The purpose of this example is to demonstrate how to interface array-Quantites from C++ numerics code using various methods: index-based access, iterators, and range adaptor closures.
There are three source files for the binary extension: gravity.pyx
,
gravity.hpp
, and gravity.cpp
. These reflect the typical minimum of source
files (more C++ sources would probably exist). The meson.build
file
illustrates how these sources can be compiled into a Python extension.
The build.py
script is a simple build script that uses Meson to compile
the gravity
extension, and subsequently copies the built extension to
this root folder. Since this example aims to mimic a specialized scientific
simulation, that is typically executed for one purpose only, the whole
layout is kept simple and based on everything being available in this
root directory and controlled by the run.py
control script.
The subprojects/cyantities/meson.build blueprint Meson build file takes care of the discovery of the Cyantities headers and provides a Meson requirement.

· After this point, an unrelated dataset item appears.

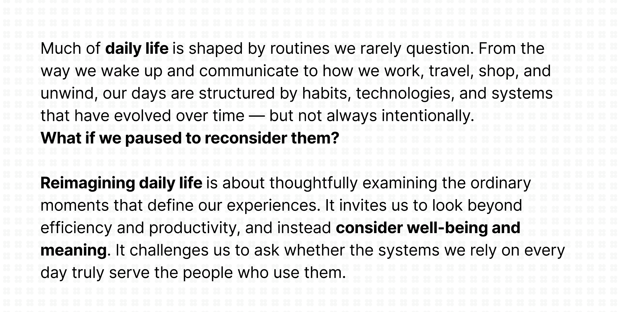 Reimagining daily life is about thoughtfully examining the ordinary moments that define our experiences. It invites us to look beyond efficiency and productivity, and instead consider well-being and meaning. It challenges us to ask whether the systems we rely on every day truly serve the people who use them.

It can simply be copied to Meson-based projects to include and link to Cyantities.
The gravity example lends itself to a benchmark of the computational overhead that Cyantities causes when wrapping the pure number crunching. Its numerics consist of a single multiplication---as plain as it gets---so that runtime goes as close to iteration overhead as possible.
The benchmark.py
script uses the gravity
extension to benchmark different
methods to perform the multiplication of a large array (5e8 elements) with a
single number. The methods tested are
- Pure NumPy array multiplication (baseline)
- Multiplication of an array-valued Quantity with a scalar Quantity
- C++: piping of range adaptor closures (RAC; the
|
operator syntax) - C++: explicit use of iterators
- C++: index-based iteration
The relevant C++ code for the RAC (3.) from gravity.cpp
is
std::ranges::copy(
m.const_iter<Mass>()
| std::ranges::views::transform(
[g](const Mass& mi) -> Force
{
return mi * g;
}
),
F.iter<Force>().begin()
);
The explicit use of iterators is written
auto out = F.iter<Force>().begin();
auto generator = m.const_iter<Mass>();
for (auto in = generator.begin(); in != generator.end(); ++in){
Mass mi = *in;
*out = mi * g;
++out;
}
Finally, the index-based version is written
for (size_t i=0; i<m.size(); ++i){
F.set_element(i, m.get<Mass>(i) * g);
}
On a system with AMD Ryzen 5 3600 6-Core Processor with 64GB RAM the following results were obtained on 2024-05-05:
Pure numpy: 0:00:00.550028
Quantities: 0:00:00.548521
C++ RAC (pipes): 0:00:01.594884
C++ iterators: 0:00:01.168716
C++ indexing: 0:00:24.155272
The difference between pure NumPy array multiplication and the multiplication with additional Cyantities overhead is negligible. The explicit use of iterators incurs about a factor of 2 overhead, and the use of pipes is roughly a factor 3.
The overhead of the explicit indexing is significant, a factor of 44. The
underlying reason is that this approach requires two dynamic translations of
the unit information from the cyantities::Quantity
instance to a
boost::units::quantity
variable per iteration. The iterator and piping
approach can reduce this to a single call and store the result in the iterator
objects for the remaining iterations.
The results are probably not representative for use cases where unit parsing or
object generation are dominating the runtime cost (e.g. tight loops that
need to parse or generate units or quantities, possibly in Python). In many
actual use cases with high execution cost due to large data arrays, this
benchmark should give a good guideline.
What is more, typical use cases that mandate a switch to C++ rather than using
Quantity
multiplications include costly numerics. Then, the overhead of any
of the iteration methods may be negligible.